Does hatred have a stronger hold than love on heart and memory—for I’m the only one she still remembers as being me. While she does not acknowledge William, she still pleasantly will greet him every Sunday when he visits, yet my daily time spent fixing her hair and spoon-feeding her lunch is one that’s taut with tension and suspicion on her part. I chatter endlessly to entertain her despite receiving no response, aware it’s but an escalation of my twenty-year attempt to please her. Eventually I wither under the cool blue stare of the vacant eyes that follow me around the room she doesn’t know is hers. Distrust remains in the last vestige of her personality that Alzheimer’s has slowly eaten away. She doesn’t remember how or why, and has lost her sense of gracious solicitude, but she still sees me as her enemy, though Christopher she had always loved and accepted—is overseen as being only half mine. At last, a word: “Slut,” she says, and lifts her head to look directly at me. It’s part of the disease I know, for even twenty years ago, propriety would not have let her call me worse than “tart.”
Drained, I kiss her papery cheek and cheerfully tell her I’ll be back tomorrow, ignore the scowl and hurry out the door.
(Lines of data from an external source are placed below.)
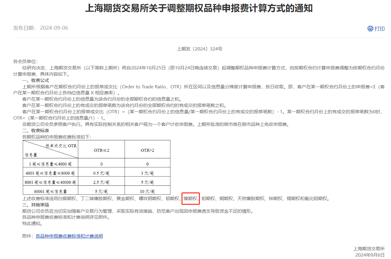 鎳期權(quán)申報費將自2024年10月25日起調(diào)整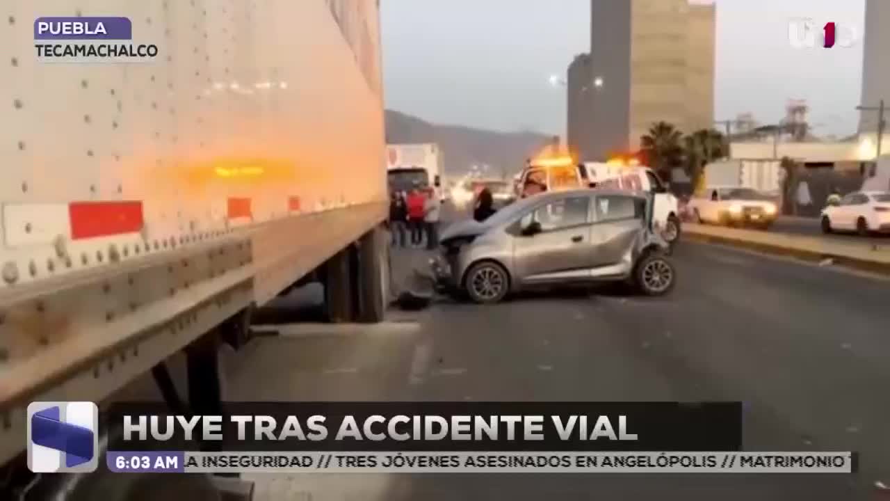 Un hombre resultó lesionado tras un accidente sobre la carretera federal Puebla–Tehuacán, luego de que un vehículo no respetara un tope y provocara un impacto que terminó contra un tractocamión estacionado; el presunto responsable huyó del lugar.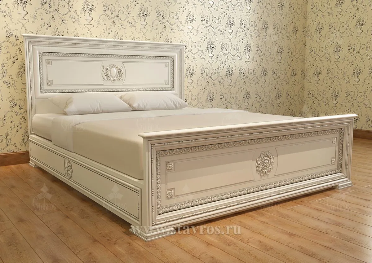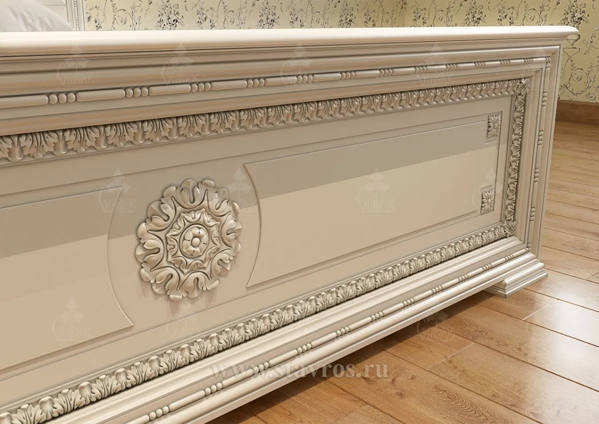 Bed KRV-009 is an example of refined classic style, which can be made even more expressive with STAVROS products. Adding carved appliqués, moldings, trim, molded elements, and decorative legs can turn the bed into a true work of art and create a dream bedroom.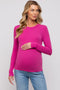 A brushed knit plaid maternity top featuring a mock neckline and long sleeves.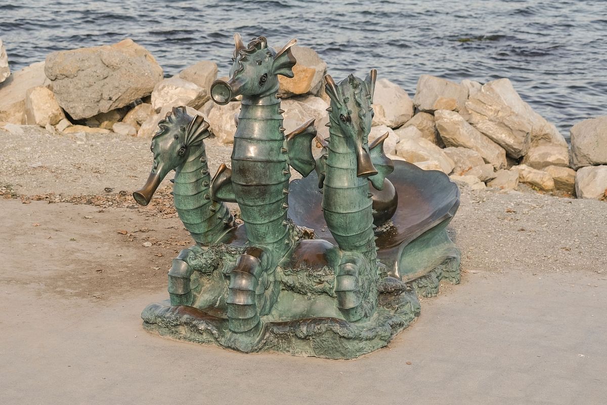 Упряжка морских коньков, везущих на створке раковины драгоценную жемчужину, – еще одна оригинальная композиция. Ее можно увидеть на набережной в Новороссийске.
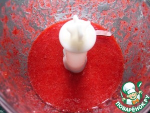 Желатин замочить в холодной кипячёной воде на 40 минут. После чего растопить в микроволновке (20 секунд при мощности 750Вт)или удобным для Вас способом. После этого клубнику (4 шт) и сахар положить в чашу блендера и измельчить в пюре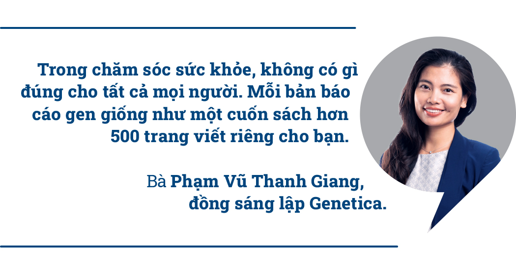 “Trong chăm sóc sức khỏe, không có gì đúng cho tất cả mọi người. Mỗi bản báo cáo gen giống như một cuốn sách hơn 500 trang viết riêng cho bạn”, bà Phạm Vũ Thanh Giang, đồng sáng lập Genetica, nói. Bà cho biết gen chỉ chiếm khoảng 35% kết quả sức khỏe, còn lại 65% phụ thuộc vào môi trường và lối sống, chính là sự tương tác giữa gen và ngoại cảnh. Báo cáo gen có thể giúp mỗi người hiểu rõ cơ chế sản sinh hormone hạnh phúc hay hormone căng thẳng, từ đó điều chỉnh thói quen sống.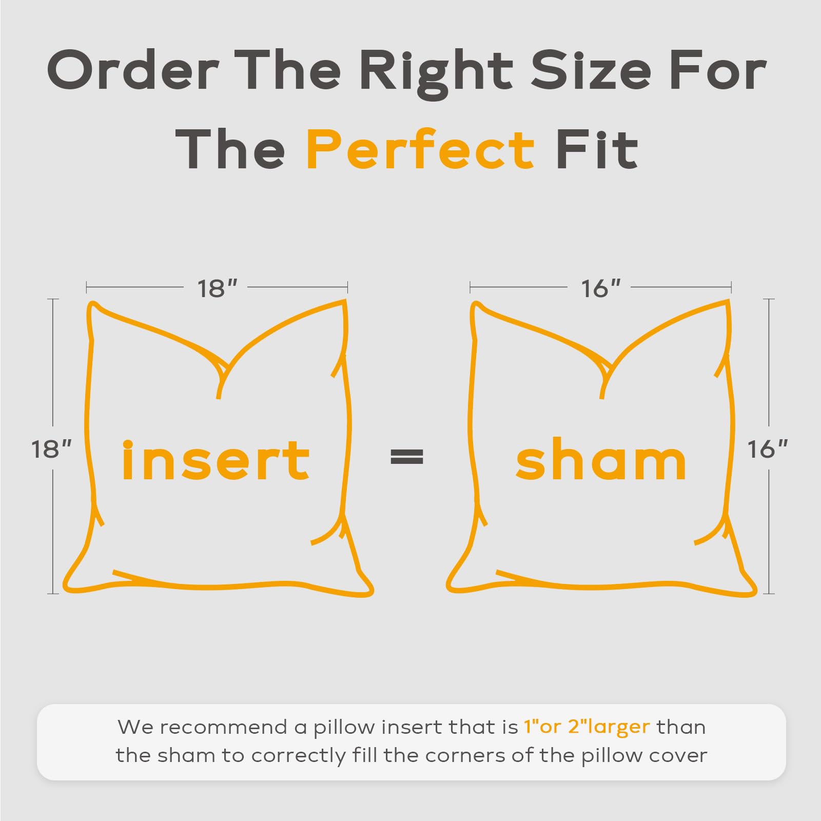 - Each pillow insert is 18x18 inch/45x45 cm. We recommend a pillow insert that is 2" larger than the sham to correctly fill the corners of the pillow cover.
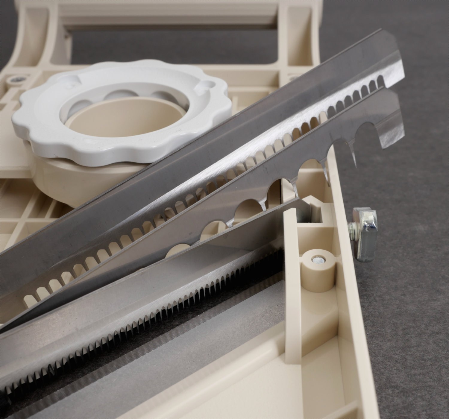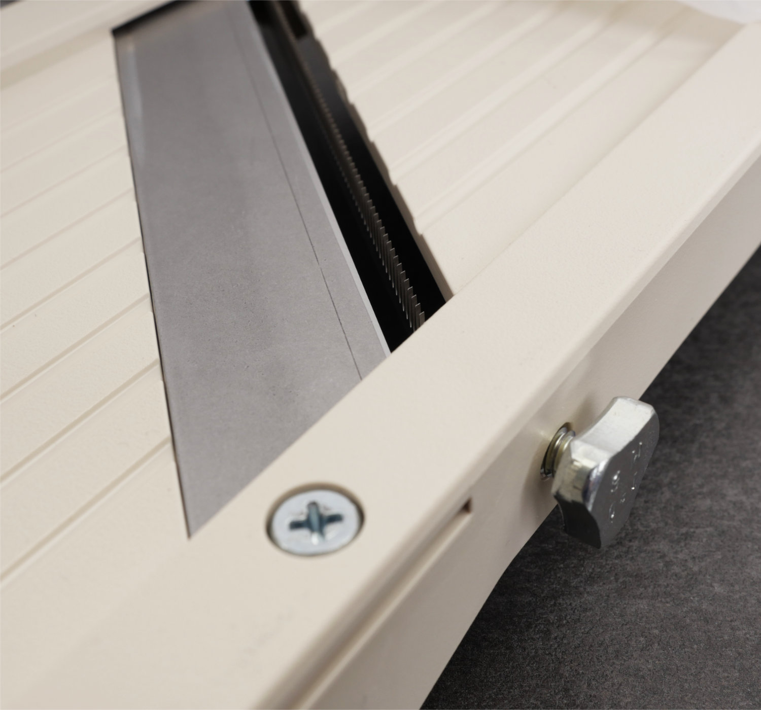 Det raka bladet har steglös inställning från 0,5 till 10 mm, vilket ger full kontroll över skivornas tjocklek. Bladet är handslipat och håller mycket hög skärpa för precisa och jämna snitt.

I sit here at our library, a story reader to the first graders and volunteer monitor almost every afternoon, and read the final chapters of The Trilogy—a book I haven’t read since college and enjoy now even more. I plan, as then, to follow this with Watership Down; I seem to need some rabbits in my life. My teeth have diminished in their clenching, but my jaw is sore from effort, and it takes longer than usual today to escape into Gandalf’s world. Marian has asked me why I don’t use library privilege to check out what I choose to read, but I am reluctant to remove especially this jewel from its vault. For that, and that I find myself unable to focus on more than one reading at a time; and the living story that goes on around me daily needs my attention more. I stay until almost five today, secure in knowing I will still make it home before the children who have blessedly planned activities all on this same afternoon.